## Exercise
Please restate each line of the data below exactly. Omit all images.

## Supplied data

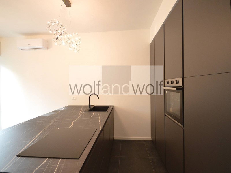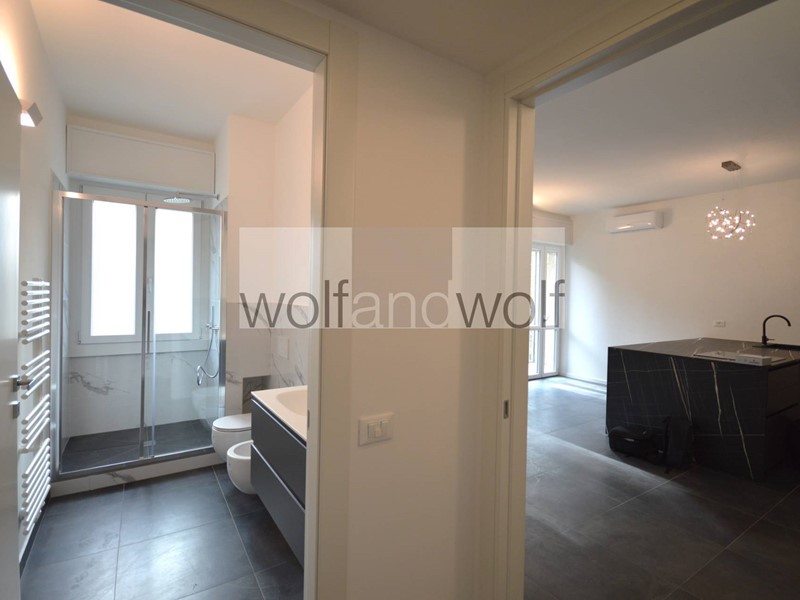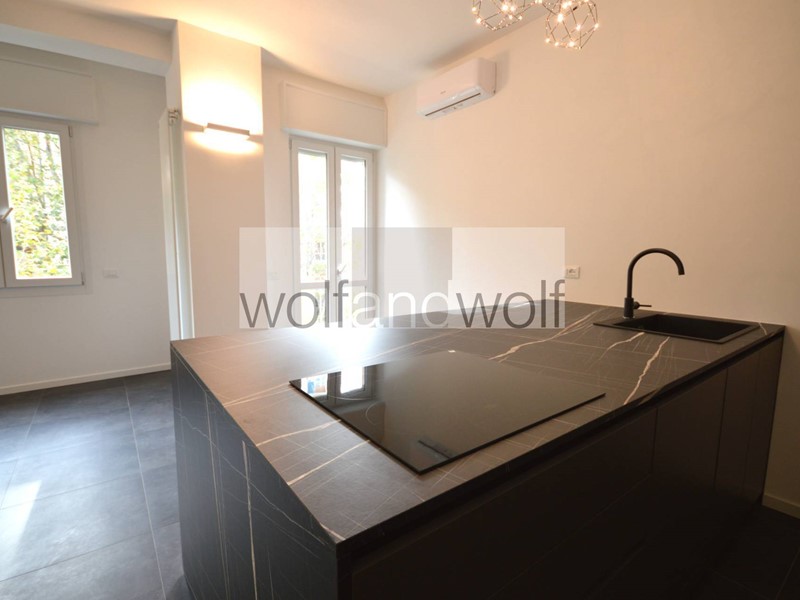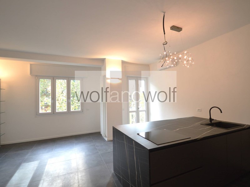 Appartamento ristrutturato posto al terzo piano con ascensore, composto da: ingresso in ampio living con cucina a vista, arredata, con penisola, con piano a induzione e parete attrezzata, camera da letto non arredata, bagno con doccia e sanitari sospesi, ripostiglio in quota, due balconi e solaio. Tutti i serramenti sono triplo vetro con apertura a battente e vasistas ed anche posizione anti condensa, impianto di condizionamento. Disponibilità locazione a società.
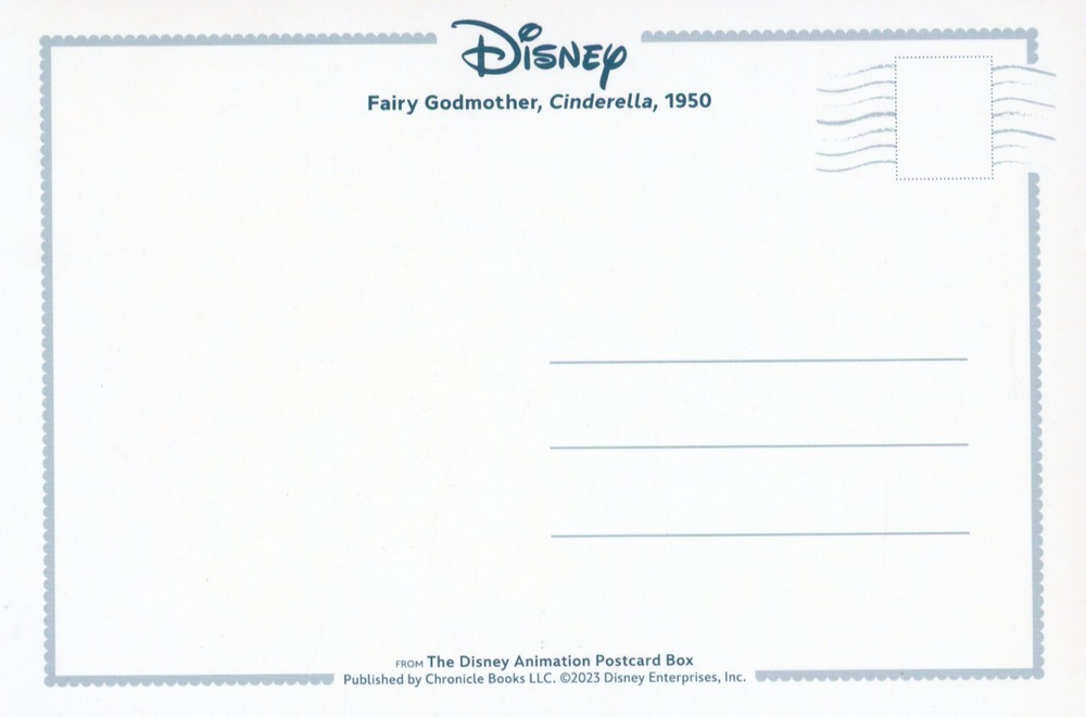 Fairy Godmother from the Movie Cinderella , 1950, Film Frame --New POSTCARD Unused postcard in Excellent Condition 5.5" x 3.75" Disney Collection 2023 Excellent Condition: Like mint in appearance with no bends or creases, or rounded or blunt corners. May be postally used or unused and may have writing and postmark only on the address side. A clean, fresh card on the picture side. Very Good Condition: Corners may be just a bit blunt or rounded. Almost undetectable crease or ben that does not detract from overall appearance of the picture side. May have writing or postal use on address side. A very collectible card.
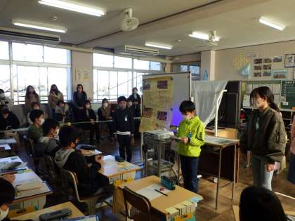 子どもの作品を見る保護者の優しい目が印象的でした。ご家庭で作品について話題になるとよいです。

## Result of this exercise
 Appartamento ristrutturato posto al terzo piano con ascensore, composto da: ingresso in ampio living con cucina a vista, arredata, con penisola, con piano a induzione e parete attrezzata, camera da letto non arredata, bagno con doccia e sanitari sospesi, ripostiglio in quota, due balconi e solaio. Tutti i serramenti sono triplo vetro con apertura a battente e vasistas ed anche posizione anti condensa, impianto di condizionamento. Disponibilità locazione a società.
 Fairy Godmother from the Movie Cinderella , 1950, Film Frame --New POSTCARD Unused postcard in Excellent Condition 5.5" x 3.75" Disney Collection 2023 Excellent Condition: Like mint in appearance with no bends or creases, or rounded or blunt corners. May be postally used or unused and may have writing and postmark only on the address side. A clean, fresh card on the picture side. Very Good Condition: Corners may be just a bit blunt or rounded. Almost undetectable crease or ben that does not detract from overall appearance of the picture side. May have writing or postal use on address side. A very collectible card.
 子どもの作品を見る保護者の優しい目が印象的でした。ご家庭で作品について話題になるとよいです。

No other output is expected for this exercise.